Pourquoi étudier les fluides hydrothermaux ?
Le géochimiste prélève ces fluides de haute température, analyse leur composition
chimique à leur émission sur le plancher océanique et reconstruit leur histoire au cours
de la circulation hydrothermale. L’objectif est de comprendre les processus
thermodynamiques et géochimiques qui les contrôlent au cours du transit au travers de
la croûte océanique.
Les chimistes évaluent l’influence des fluides hydrothermaux sur le cycle des éléments
dans l’océan et plus généralement sur la chimie globale des océans à court et long terme.
La présence de nouveaux écosystèmes se développant par chimiosynthèse sur ces évents
hydrothermaux intéresse également les biologistes. En effet, dans ce processus,
l’ensemble des éléments vitaux ont la particularité d’être apportés par le fluide (soufre,
méthane, hydrogène, hydrogène sulfuré et autres éléments métalliques).
Par ailleurs, les flux de matière et d’énergie apportés par les fluides jouent aussi un rôle
important du point de vue de la physique océanographique.
Enfin, l’étude de la chimie des fluides permet aux géologues d’estimer la profondeur de la
chambre magmatique et de mieux comprendre la formation de la nouvelle croûte
océanique et des dépôts sulfurés massifs.
Comment étudier les fluides hydrothermaux ?
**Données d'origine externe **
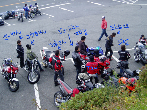 あんまり日にちが経つと、忘れてしまうのでレポート提出(?)する。 ※書き直す・書き足す予定ありのレポートざんす。 箱根ツーリングレポート 東名高速 海老名SA am7:30全員集合完了。 朝の海老名はもうすでにたくさんの車やバイクでいっぱい。 実は、ジョーは海老名SA集合が夢だった・・・(−▽−) この時点で80%満たされる。 早速恒例のコーヒーじゃんけん!! 今回は9名なので、負けると¥1,080(自分含む)の損害★ 公式ルールにのっとり(あるのか?!)多いからといってグループに分けるなどしない。 あくまで全員でいっぺんにじゃんけんなのである。 初めの犠牲者:マロン!! いきなりの出費である。 大まかなルートを決める。 西湘バイパスは遠回りなので、やはり小田原厚木道路で行くことにする。 だんだん車も多くなってきた。 休憩無しでいっきにターンパイクまで行く。 ターンパイクは、結構大きい道路で走りやすかった。 車では走ったことはあったが、バイクでは初めてで、どんな感じで走ったら良いのか分からず、 フラフラしていた(^^;)すー爺さんにコーナーのライン取りを聞いていたので、 試してみるといい感じに走れた。 am9:30 大観山Pで休憩。 コウちゃんが途中でガス欠になってしまい、上ってくるのに大変だったらしい。 ジョーは先に上って来てしまったので、全然知らなかった・・・ ここでもやります!コーヒーじゃんけん!! 公式ルールにのっとり(もうつっこまない)一度負けても参加する。 じゃんけんの世界は厳しいのである(−v−) (?) 第2回目の犠牲者:ワッテさん!! 早速買いに行ってビックリ!!! もちろん全額ゴチです。¥1,350の損害★ ここで、大量に休憩する。 沢山のバイクや外車が来ていて、色々見物する。 とそこへCBR1000RRに乗った女性が来た。(しかもつなぎ姿!) 一同『おお!』 気さくに話しかけてくれたその女性は、もともとCBR600(RRの前)乗りで、 最近1000RRに乗り換えたらしい。 椿ラインを通って大観山Pまで来たと言う。凄いなぁ・・・ 『途中で他の1000RRが事故してた』と言っていた。攻めるようなコース(?)なのだろうか。 予定から外して正解だったかも・・・(^0^;) ここでTさんの提案で山中湖方面を目指すか!とういう案がでる。 とりあえず給油が第一だったので、芦ノ湖周辺まで下ることにする。 1000RRの方とお別れをして、出発! GSに着いて、みんな給油することにした。 ハイオク1L¥150・・・高い(。。;) GSを出るとき段差でジョーはエンストしたが、ここは気合いでコケは免れる・・・ふぅ 芦ノ湖スカイラインへと進んでいった。 芦ノ湖スカイラインは、これまたもっと大きな道路で景色良い。 途中、芦ノ湖スカイラインと箱根スカイラインの分岐で一旦止まる。 と言うのも、Tさん・ジョージさん・旦那様の3人が『もう一周してくる!』というのである。 他の参加者はいなかったので、他のメンバーはここで休憩。 景色は山々ばかり・・・芦ノ湖ほとんど拝めず必死でここまで来ちゃったなぁ しばらくするとTさん到着!バトルの決着は付いたようだ。 遅れて帰ってきたジョージさんと旦那様は・・・ 『俺等は紳士だから、あんな運転はしないんですよね』 と訳の分からない負け惜しみを吐いていた。(−−)危ないなぁ そこからとりあえず昼食を取るために、御殿場まで行くことにする。 箱根スカイラインは、芦ノ湖スカイラインのように大きな道路だったのだが、短い。 そこからは乙女峠を抜けて御殿場へ出るのだが・・・ この乙女峠がきつかった・・・ 早い人たちは先に行き、ジョーから後ろはジョーのせいで渋滞になった。 もうどうしたら良いのか分からない。 すー爺さんから聞いていたライン取りはスッポリ抜けてしまい、 次々と来るコーナーをこなすことしか頭に無い。 下りの右コーナーが苦手と判明。 他のメンバーの話だと、 さーやん:抜かそうか迷ったけどジョーさん怖がっていたし、抜けなかった。 マロン:リアタイヤが滑って怖かった。(1300という大排気量)何よりコウちゃんが心配だった。 コウちゃん:みんなと同じように進入しても曲がれないから怖かった。(ロンスイのせいか) 御殿場で昼食を取る。 pm12:30 お食事処到着!!(店の名前?・・・知らん!!) ここでようやく集合写真を撮る。かっこいい〜(>▽<) さぁ丼飯食うだ〜♪ お腹が満たされると、疲労と睡魔が襲ってくる。 ということで、ここでツーリングは『帰宅』という選択肢で収まった。 帰りはすぐ御殿場から東名に乗った。 Tさんにジョーが『こいこい』とされたので、思い切って付いて行ってみる。 が、数分も経たない内に見えなくなってしまった・・・(・・;)おーい・・・ pm15:30 最終休憩場所 海老名SA さぁ!最後のコーヒーじゃんけんですぞな〜 ん〜やっぱりコーヒーじゃんけんと言えばこの方でしょう・・・ 今回は期待を裏切りませんでした!! 3回目の犠牲者:さーやん!! 何故かすがすがしいさーやんがそこにいた。 きっと役目をきっちり果たした達成感(?)からだろう・・・(=v=) コーヒーを飲みながら談笑している

Les évents hydrothermaux sont localisés sur des sites plus ou moins grands, d’une
superficie d’environ 200 mètres carré. Pour les découvrir, plusieurs techniques
complémentaires sont utilisées. Dans un premier temps, les campagnes de surface
associant la bathymétrie, la photographie du fond, la recherche d’anomalies physiques et
chimiques dans la colonne d’eau à l’aide de capteurs et prélèvements d’eaux, permettent
de délimiter les zones.
Dans un second temps, les submersibles et véhicules télé-opérés (ROV) permettent la
localisation précise des évents et leur étude in-situ détaillée.
Aujourd’hui, divers systèmes existent pour prélever ces fluides. Ils sont tous basés sur
des principes d’aspiration simple (type seringue) ou nécessitent l’utilisation d’un système
de pompage. Le fluide étant à une température de l’ordre de 350-400°C, des seringues
en titane sont couramment utilisées (voir photo n°1).
Le géochimiste doit conditionner ces préleveurs avant chaque plongée. Le submersible ou
le ROV se charge du prélèvement en profondeur dans les zones actives étudiées.
Au retour sur le navire, le fluide précieux est récupéré. Commence alors un long travail
de conditionnement des gaz et d’analyse à bord (voir photo n°2). Après qualification des
échantillons, les gaz (H2, CH4, CO2,….) sont extraits à l’aide d’un extracteur de gaz,
récupérés et analysés à bord à l’aide d’appareils analytiques installés dans un container
laboratoire embarqué. Certains éléments minéraux (Mg, SO4, Cl) sont aussi analysés à
bord.
Dans ces fluides, certains éléments sont enrichis, d’autres appauvris par rapport à l’eau
de mer. De nombreux conditionnements spécifiques sont aussi réalisés pour l’analyse à
terre des éléments traces, les analyses isotopiques et la recherche des molécules
organiques présentes (hydrocarbures, acides carboxyliques, acides aminés,….).
La composition chimique d’un fluide sortant sur le plancher océanique est un
enregistrement des conditions de pression et de température et de l’ensemble des
réactions chimiques qu’il a subi durant son transit dans la croûte océanique fracturée.
L’ensemble de ces données informe sur la profondeur de la circulation hydrothermale
dans le substratum, sur le temps de résidence, et contribue à comprendre le mode de
formation des dépôts sulfurés associés.
L’ensemble de ces conditionnements et des analyses permettront d’établir la signature
chimique du fluide, de connaître son histoire au travers de la croûte océanique et
d’évaluer les conséquences de ces flux sur le milieu environnant.